**Work instructions**
Verbatim copy without images: return all of the data as it stands.

**Dataset excerpt**
== == ==
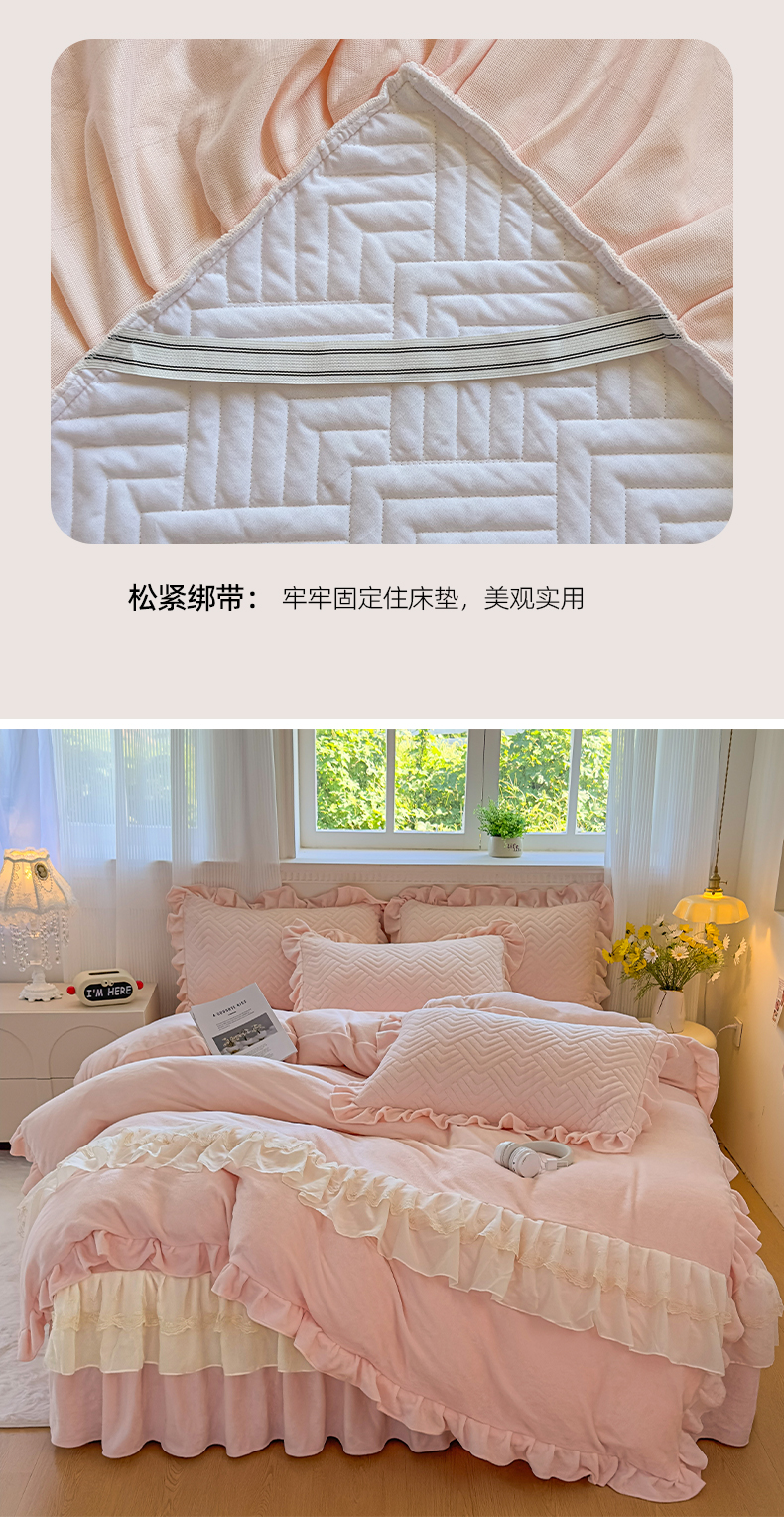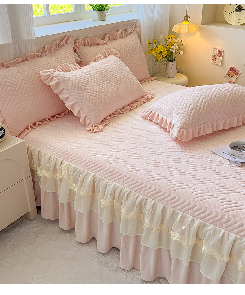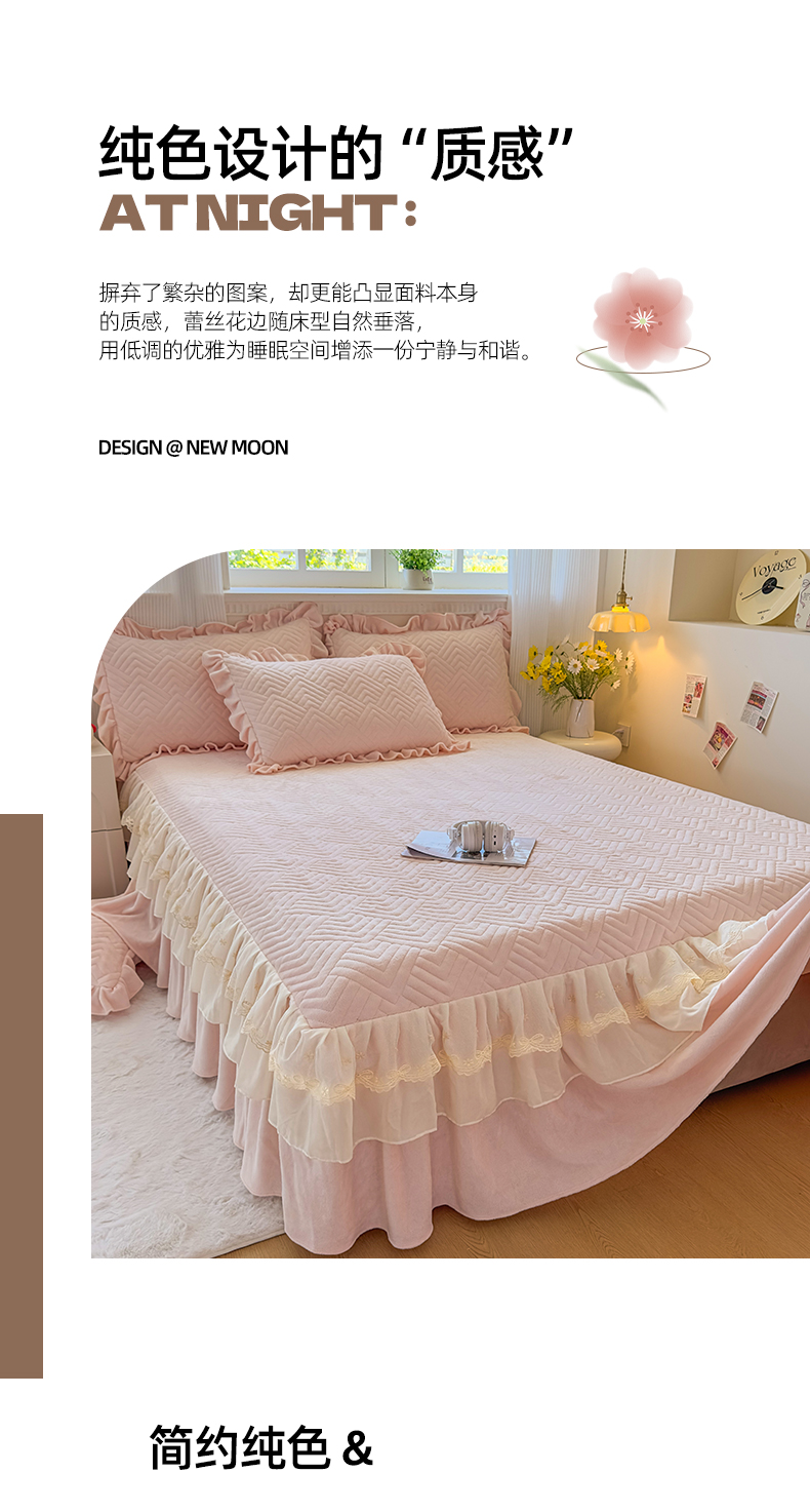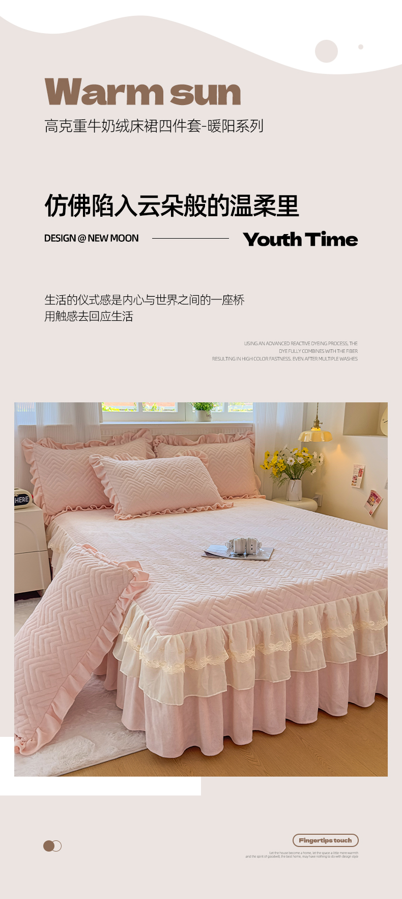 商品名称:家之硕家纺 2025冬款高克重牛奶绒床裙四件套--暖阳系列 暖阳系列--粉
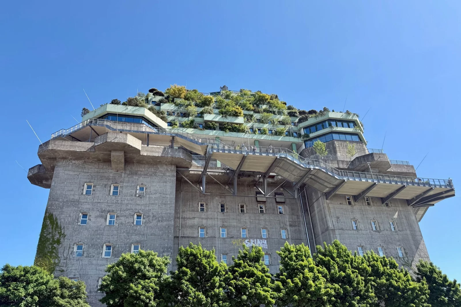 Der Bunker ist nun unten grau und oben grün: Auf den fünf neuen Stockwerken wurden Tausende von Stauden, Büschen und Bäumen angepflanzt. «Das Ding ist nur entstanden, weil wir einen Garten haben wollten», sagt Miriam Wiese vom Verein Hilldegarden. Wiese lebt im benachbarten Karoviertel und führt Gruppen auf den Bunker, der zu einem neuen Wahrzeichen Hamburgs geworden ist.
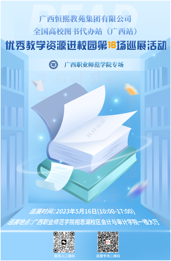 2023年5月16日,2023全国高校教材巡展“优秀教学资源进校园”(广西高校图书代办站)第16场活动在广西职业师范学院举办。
== == ==
**Solution to this task**
 商品名称:家之硕家纺 2025冬款高克重牛奶绒床裙四件套--暖阳系列 暖阳系列--粉
 Der Bunker ist nun unten grau und oben grün: Auf den fünf neuen Stockwerken wurden Tausende von Stauden, Büschen und Bäumen angepflanzt. «Das Ding ist nur entstanden, weil wir einen Garten haben wollten», sagt Miriam Wiese vom Verein Hilldegarden. Wiese lebt im benachbarten Karoviertel und führt Gruppen auf den Bunker, der zu einem neuen Wahrzeichen Hamburgs geworden ist.
 2023年5月16日,2023全国高校教材巡展“优秀教学资源进校园”(广西高校图书代办站)第16场活动在广西职业师范学院举办。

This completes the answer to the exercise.